Task statement. Beginning with the line that holds "Imagens de uma", copy each line through the end of the material below, exactly and with no pictures.

START Recorded information

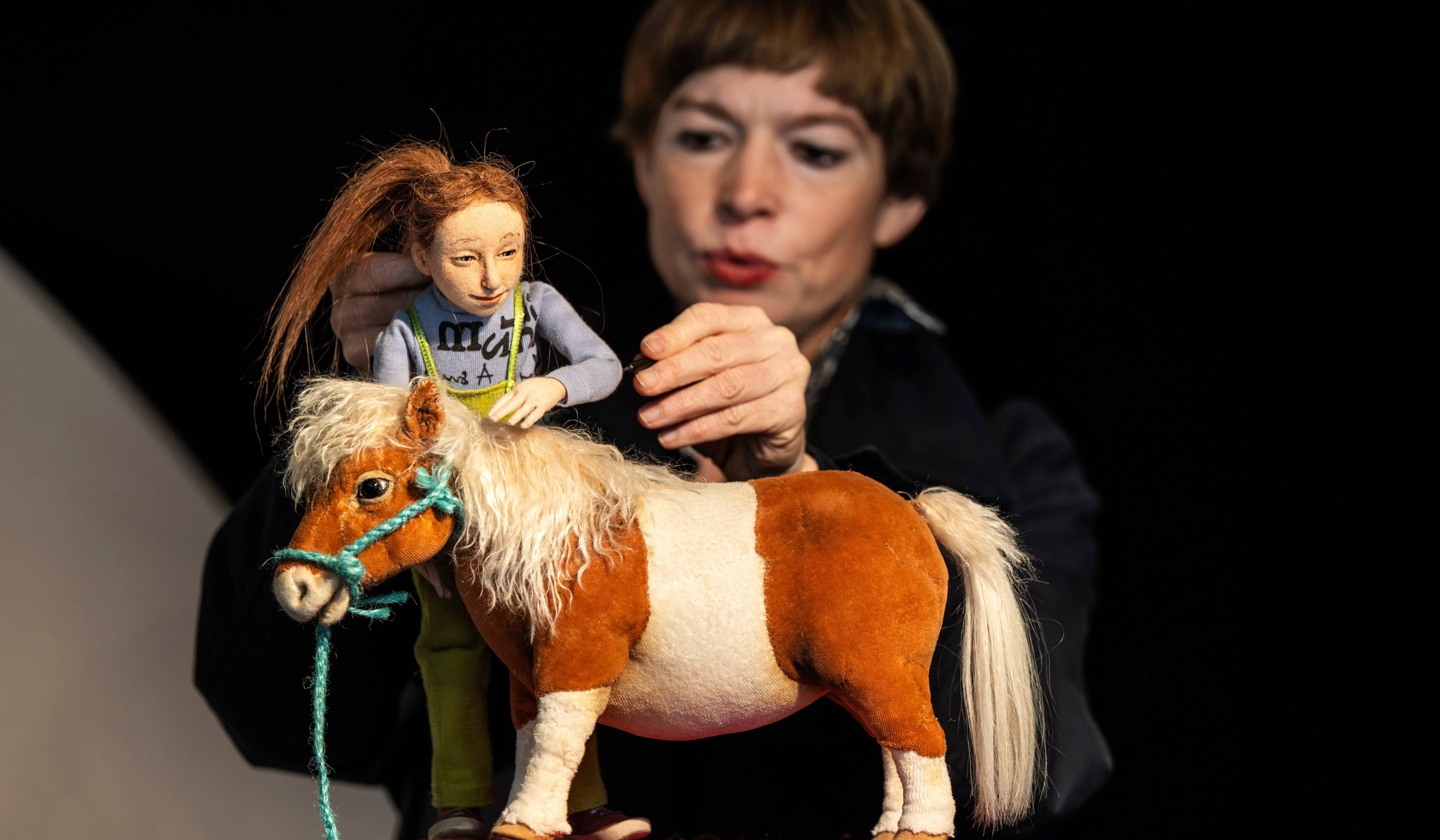 "Den Hauptgewinn bekommt man nie!", so sagt die Tante. Aber natürlich gewinnen die Kinder das Pony doch! Nun muss das Pony nach Hause geschmuggelt werden, vorbei an Hotelportiers, Schaffnern und der Tante. Denn Erwachsene wissen ja immer alles besser. Oder? Eine abenteuerliche Reise beginnt, auf der sich nicht nur Koffer stapeln, sondern auch Probleme. Mit dabei sind Tante Charlyn, zwei Puppen und ein dickes Pony. Dorothee Carls ist Absolventin der Hochschule für Schauspielkunst Ernst Busch in Berlin, Abteilung Puppenspielkunst. Seit 2006 arbeitet sie als Puppenspielerin in Engagements, wie zum Beispiel am Puppentheater Erfurt und am theater junge generation (tjg) in Dresden, sowie freischaffend mit eigenen Produktionen und in freien Theatergruppen wie dem Theater Urknall und dem Ensemble die exen.Koproduktion mit dem T-Werk e.V. Potsdam / Veranstalter:
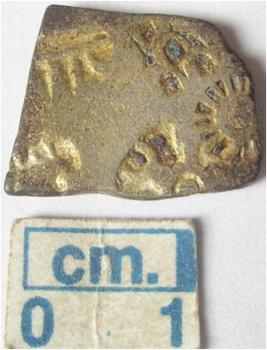 | Description / विवरण | A silver Gold punch marked coin, Rectangular Obverse has 5 symbols 1st Sun with rays, 2nd Hill symbol, 3rd Tree with branches,4th flying bird , 5th Taurine symbol. Reverse is plain. |
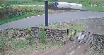 Imagens de uma câmera de segurança registraram o momento exato em que uma carreta sem freios tombou às margens da BR-282, no interior de Descanso, no trecho entre São Miguel do Oeste e Maravilha, na tarde deste sábado (25).
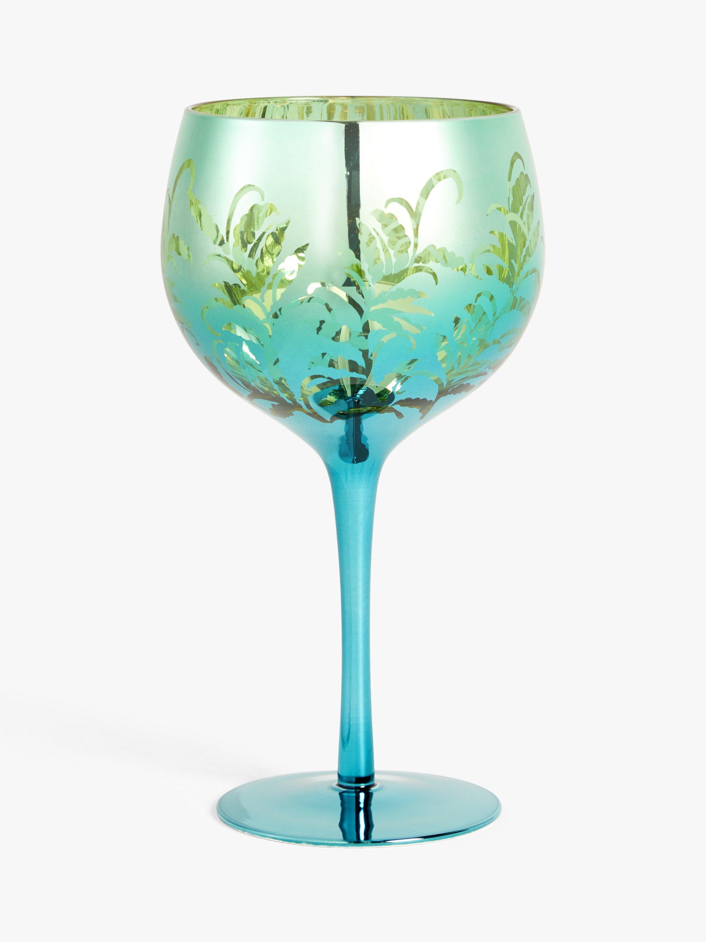 John LewisForest Leaf Pattern Metallic Gin Glass, 700ml, Green

END Recorded information

Task output.
 Imagens de uma câmera de segurança registraram o momento exato em que uma carreta sem freios tombou às margens da BR-282, no interior de Descanso, no trecho entre São Miguel do Oeste e Maravilha, na tarde deste sábado (25).
 John LewisForest Leaf Pattern Metallic Gin Glass, 700ml, Green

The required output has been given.